Presidio anche notturno della polizia locale nella città murata a Sassari. L’iniziativa, in via sperimentale, è iniziata ieri concentrandosi in particolare su San Donato. Il progetto, al momento, prevede la sua attivazione per tre notti al mese, dalle 22 fino al mattino, ma si intende aumentarne la portata. 

Sono 12 gli agenti coinvolti, coordinati da uno o due ufficiali, che si focalizzeranno su persone e autoveicoli in circolazione in quel lasso di tempo, sui circoli privati, sui negozi di vicinato, e gli esercizi pubblici. Il presidio si terrà nei giorni infrasettimanali.

Nel pattugliamento di ieri sono state identificate 48 persone, 33 straniere. Una persona è stata segnalata perché trovata in possesso di cocaina, e lo stupefacente sequestrato, e sono stati controllati anche due ristoranti della zona.

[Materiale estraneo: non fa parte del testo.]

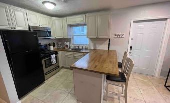 Very nice neighborhood, very quiet. Close to many things. Beds were very comfortable and we slept well. Owner provided a lot of niceties like shampoo, conditioner, soap, keurig pods, etc. Only slight flaw was no access to outlets by top of bed so we had to go get an extension cord for my husband's C-pap machine. Property was extremely clean. We also appreciated the laundry facilities. There are two nice new washers and dryers for use - free - and some laundry detergent available. We'd definitely stay again.

«Iniziamo dal centro storico - afferma il sindaco, Giuseppe Mascia - con il proposito di restituirlo a quella normalità da cui discende, a nostro avviso, la possibilità di far rinascere la città nella sua interezza». «Dalla rivitalizzazione di piazze e vie attraverso la promozione di iniziative culturali, artistiche, di spettacolo e ricreative al rilancio della funzione residenziale e di quella commerciale e produttiva, dal ritorno degli uffici pubblici e di altri presidi che favoriscono la vitalità di una città sino all’introduzione di elementi utili a garantire la sicurezza delle persone, come l’installazione delle videocamere e l’integrazione del servizio di polizia locale: vogliamo che la città vecchia torni a essere il cuore pulsante di una città in salute», aggiunge il primo cittadino.

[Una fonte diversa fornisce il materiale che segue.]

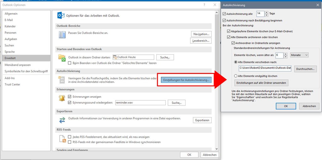 4. Klicken Sie auf Einstellungen für AutoArchivierung….

Per il comandante della Polizia locale, Gianni Serra, «il servizio sperimentale che abbiamo attivato è l’ennesima dimostrazione della nostra volontà di contribuire alla incolumità di cittadine e cittadini e al rispetto della legalità nella nostra città». «Si parte da una delle zone più sensibili - dichiara - dove l’allarme è più frequente e il senso di sicurezza reale e percepita è più instabile, ma contiamo di ampliare il servizio notturno e di estenderlo ad altre parti della città».